Raw data
----------------

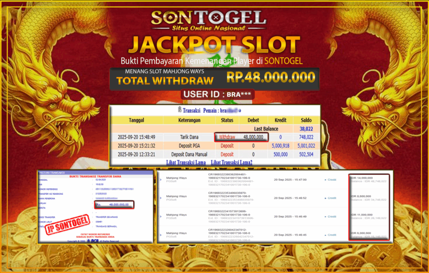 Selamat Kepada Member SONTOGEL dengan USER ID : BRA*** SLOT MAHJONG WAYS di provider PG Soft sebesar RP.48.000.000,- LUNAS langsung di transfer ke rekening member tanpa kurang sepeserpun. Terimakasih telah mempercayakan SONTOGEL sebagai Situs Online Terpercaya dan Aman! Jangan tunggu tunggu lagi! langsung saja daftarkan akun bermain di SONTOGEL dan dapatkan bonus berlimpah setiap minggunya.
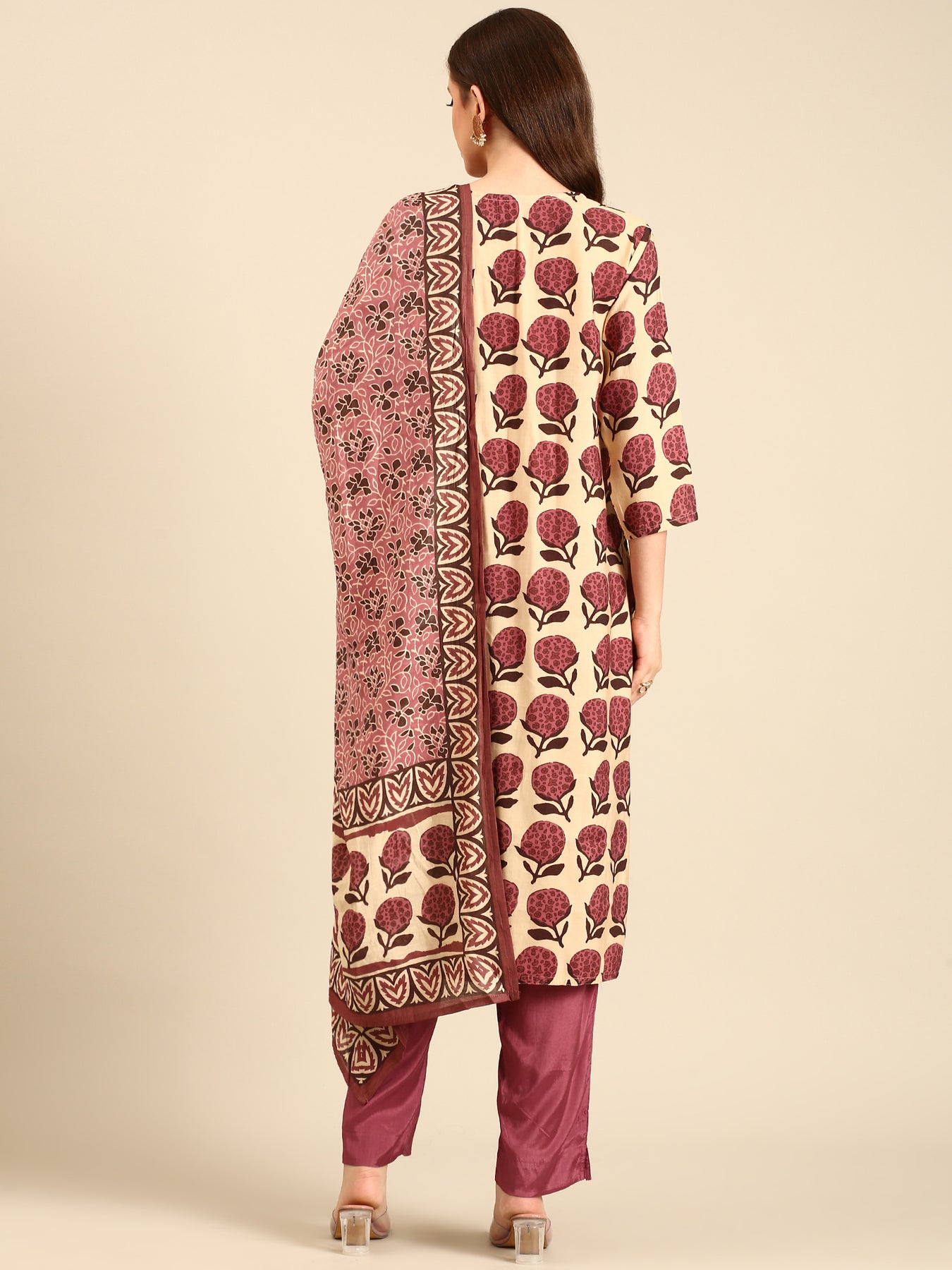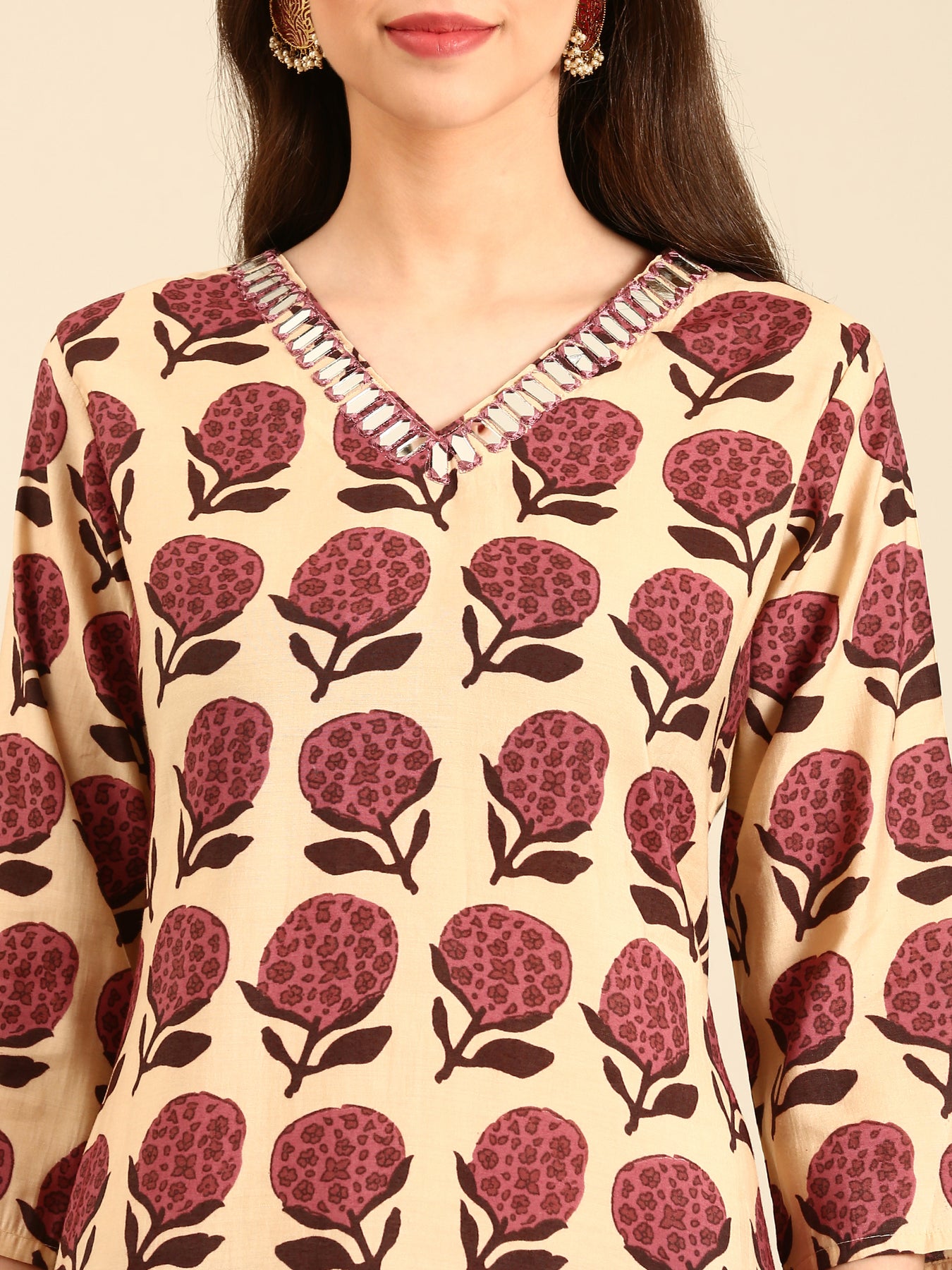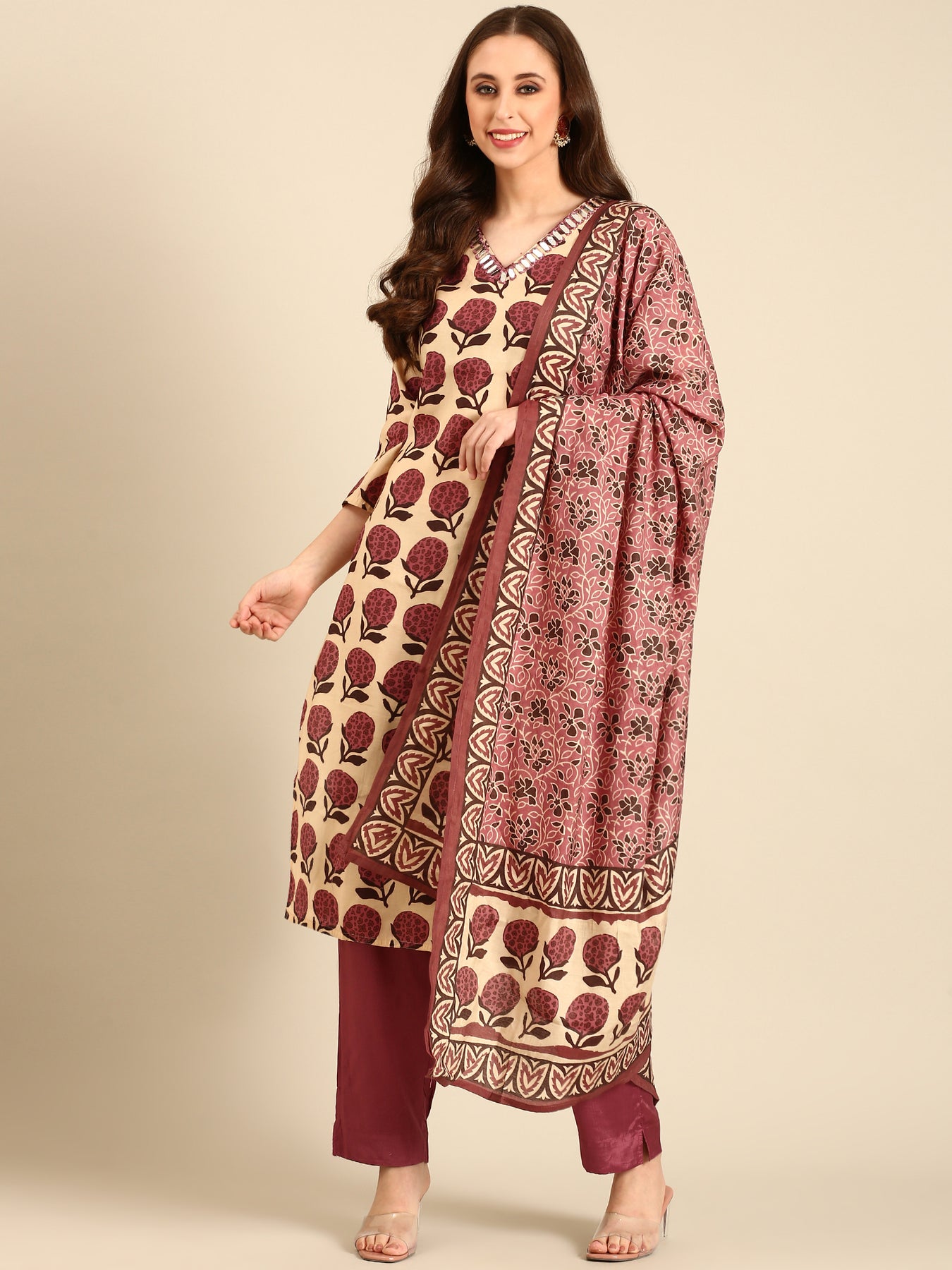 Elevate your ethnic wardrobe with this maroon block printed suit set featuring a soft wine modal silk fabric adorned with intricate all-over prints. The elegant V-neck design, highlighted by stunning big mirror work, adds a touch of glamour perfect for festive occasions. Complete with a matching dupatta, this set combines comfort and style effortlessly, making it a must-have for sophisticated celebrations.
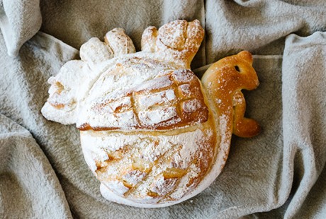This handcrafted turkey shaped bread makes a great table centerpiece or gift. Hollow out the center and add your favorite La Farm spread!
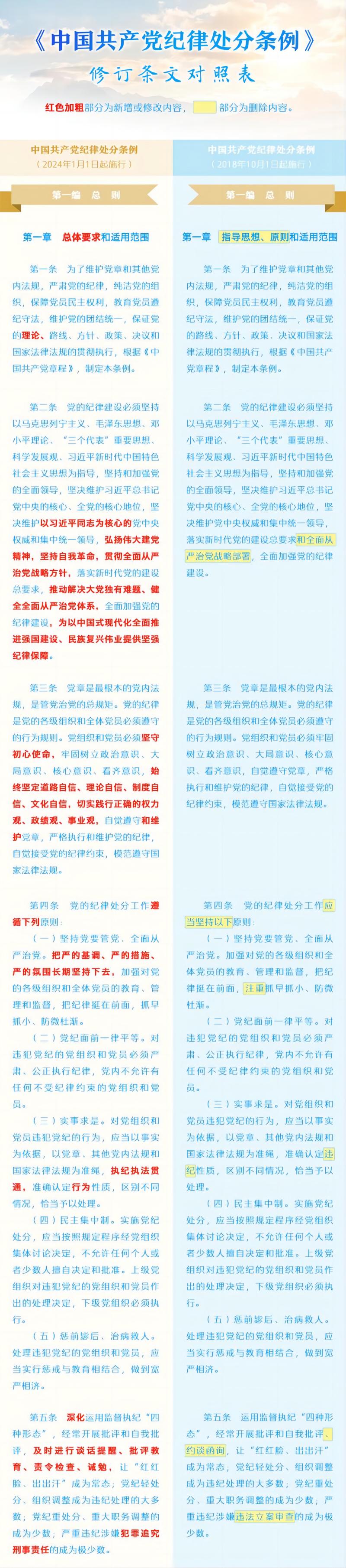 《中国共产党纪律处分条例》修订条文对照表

----------------

Assigned task
Print the whole listing above exactly, and keep every picture out of the copy.

Result for this task
 Selamat Kepada Member SONTOGEL dengan USER ID : BRA*** SLOT MAHJONG WAYS di provider PG Soft sebesar RP.48.000.000,- LUNAS langsung di transfer ke rekening member tanpa kurang sepeserpun. Terimakasih telah mempercayakan SONTOGEL sebagai Situs Online Terpercaya dan Aman! Jangan tunggu tunggu lagi! langsung saja daftarkan akun bermain di SONTOGEL dan dapatkan bonus berlimpah setiap minggunya.
 Elevate your ethnic wardrobe with this maroon block printed suit set featuring a soft wine modal silk fabric adorned with intricate all-over prints. The elegant V-neck design, highlighted by stunning big mirror work, adds a touch of glamour perfect for festive occasions. Complete with a matching dupatta, this set combines comfort and style effortlessly, making it a must-have for sophisticated celebrations.
This handcrafted turkey shaped bread makes a great table centerpiece or gift. Hollow out the center and add your favorite La Farm spread!
 《中国共产党纪律处分条例》修订条文对照表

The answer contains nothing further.